The composition of the low mp powder will typically be determined, at least in part, by whether the MCrAlY slurry is intended to form an environmental coating on an undamaged GTE component or, instead, to repair a structurally-degraded area of a service-run GTE component. In embodiments wherein the MCrAlY slurry is intended to form an environmental barrier coating on an undamaged GTE component, the low mp powder is preferably an aluminum-containing powder and, more preferably, an aluminum powder or an aluminum-silicon powder. An aluminum-silicon powder having a preferred composition is set-forth in TABLE 4 below. The values set-forth in TABLE 4 below are approximations of the maximum and minimum weight percentages of each component included within the aluminum-silicon powder.

TABLE 4
First Exemplary Low MP (Non-Braze) Powder
		Minimum	Maximum
	Component	Weight %	Weight %
	Aluminum	92.0	96.0
	Silicon	4.0	8.0

In embodiments wherein the MCrAlY slurry is utilized to repair structural damage of an engine-run GTE component, the low mp powder preferably comprises a braze alloy, such as a nickel- or cobalt-based braze alloy. Three braze alloys well-suited for usage in embodiments wherein the MCrAlY slurry is utilized for repair purposes are set-forth in TABLES 5-7 below. As previously indicated, the values set-forth in TABLES 5-7 below are approximations of the maximum and minimum weight percentages of each component included within the braze powder.

TABLE 5
First Exemplary Low MP (Braze) Powder
		Minimum	Maximum
	Component	Weight %	Weight %
	Aluminum	3.6	5.2
	Boron	2.3	3.2
	Carbon	0.02	0.06
	Chromium	6.7	9.2
	Cobalt	9.7	10.3
	Hafnium	1.3	4.0
	Nickel	Bal	Bal
	Rhenium	1.4	3.2
	Tantalum	3.3	6.3
	Tungsten	3.7	4.7

TABLE 6
Second Exemplary Low MP (Braze) Powder
		Minimum	Maximum
	Component	Weight %	Weight %
	Carbon	0.4	0.8
	Boron	2.5	3.0
	Chromium	22.5	23.5
	Cobalt	Bal	Bal
	Nickel	9.5	10.5
	Tantalum	3.3	3.9
	Titanium	0.10	0.30
	Tungsten	6.5	7.5
	Yttrium	0.03	0.07
	Zirconium	0.3	0.7

TABLE 7
Third Exemplary Low MP (Braze) Powder
		Minimum	Maximum
	Component	Weight %	Weight %
	Aluminum	3.2	4.0
	Boron	2.5	3.0
	Chromium	13.5	14.5
	Cobalt	9.5	10.5
	Nickel	Bal	Bal
	Tantalum	2.2	2.8
	Yttrium	0.05	0.15

Next, during STEP 12 of exemplary method 10 (FIG. 1), a chemical binder, such as a custom prepared binder solution or a commercially-available binder like B215, is introduced into the MCrAlY plus low mp powder mixture to produce an MCrAlY slurry. Although other binders may be employed, in one embodiment, a binder solution is employed that comprises a phosphate/chromate solution containing approximately 30 wt. % phosphate and approximately 60 wt. % chromate. In another embodiment, commercially-available chemical binder like B215 is used to prepare the MCrAlY slurry. The resulting MCrAlY slurry may then be diluted to a desired viscosity to facilitate application via brushing, dipping, or spraying, as described below. In a preferred embodiment, the MCrAlY slurry is diluted with an alcohol, such as isopropanol. Although the weight percentages will inevitably vary amongst different embodiments, 10 wt. % binder and 15 wt. % alcohol may be added to the MCrAlY plus low mp powder mixture to produce the final MCrAlY slurry. If desired, the slurry may be milled, mixed, or blended to obtain a desired range of particle sizes and/or a uniform consistency. Advantageously, the final diluted MCrAlY slurry can be stored in a ready-to-use state for extended periods of time without significant deterioration of its properties.

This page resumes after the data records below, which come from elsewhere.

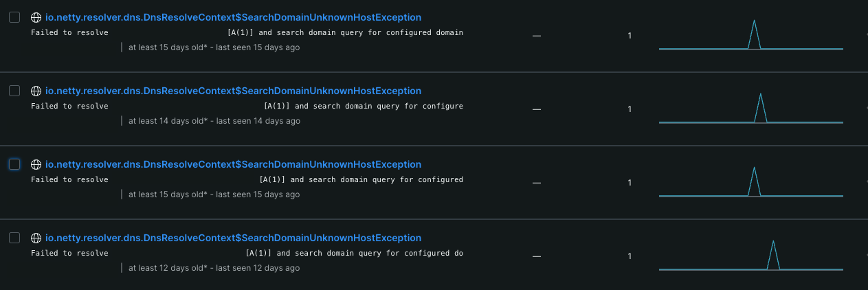 "io.netty.resolver.dns.DnsResolveContext$SearchDomainUnknownHostException" 가 Error Log의 이름인데요.
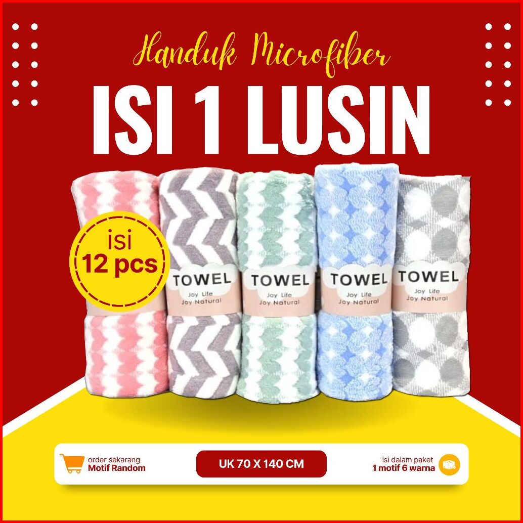 Vl - Murah Handuk Microfiber 12 Pcs 1 Lusin Ukuran Dewasa 70 X 140 Cm
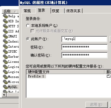 在運行里輸入Services.msc回車打開服務面板,找到Mysql服務點右鍵屬性,點登陸,登陸身份以你新建的Mysql用戶登陸輸入:./帳號名,輸入密碼,點確定然后應用重啟Mysql服務即可。
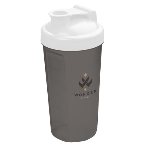 Functional, transparent plastic shake cup for mixing protein drinks. With indication of the contents (per 50 ml). The screw cap is equipped with a lockable opening. Content 600 ml. Food Approved. Made in Germany.
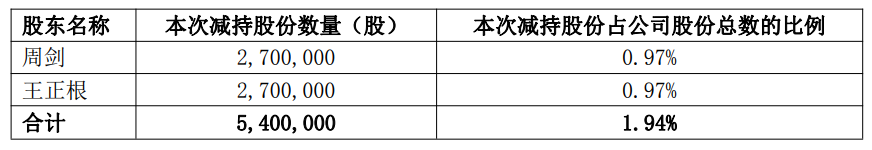 公司控股股东周剑及王正根合计持有公司股份109,537,827股(占当前总股本剔除回购专用账户中的股份数量后的39.35%),计划以集中竞价或大宗交易的方式减持公司股份,减持数量不超过5,400,000股,即不超过公司当前总股本剔除回购专用账户中的股份数量后的1.94%。减持期间为自减持计划(883921)公告之日起15个交易日之后三个月内(即2026年1月29日至2026年4月28日)。

Continuing with exemplary method 10 (FIG. 1), one or more surfaces of the selected GTE component are next prepared for application of the MCrAlY slurry (STEP 16, FIG. 1). During STEP 16, the surface or surfaces of the selected GTE component may be cleaned utilizing, for example, a de-greasing agent. In embodiments wherein the MCrAlY slurry is to be applied on an area of the GTE component having structural damage (e.g., material loss or cracking), a hydrogen fluoride ion cleaning may further be performed to remove deeply embedded oxides. In embodiments wherein the MCrAlY slurry is to be applied on an undamaged surface of a GTE component, the surface or surfaces of the GTE component may be grit blasted during STEP 16 utilizing, for example, a nickel, silicon carbide, or aluminum oxide grit, depending, at least in part, upon which of the MCrAlY slurry types is to be applied.

Next, during STEP 18 (FIG. 1), the MCrAlY slurry is applied to the surface or surfaces of the selected GTE component. Due to its dilute nature, the MCrAlY slurry can easily be applied by brushing, dipping, or spraying. Notably, such techniques are considerably less costly to perform than are other deposition techniques, such as plasma spraying and electron beam physical vapor deposition, traditionally utilized to deposit non-slurry MCrAlY coatings. The MCrAlY slurry will typically be applied in successive coats to a desired thickness. If utilized as an environmentally-protective overlay coating, the MCrAlY slurry is conveniently deposited to a thickness between approximately 0.125-1.0 millimeters. If utilized to build-up an eroded region of the GTE component, the thickness to which the MCrAlY slurry will be deposited will depend upon the original dimensions of the GTE component; however, in general, the MCrAlY slurry will typically deposited to a thickness of approximately 0.10 to approximately 1.0 millimeters or more.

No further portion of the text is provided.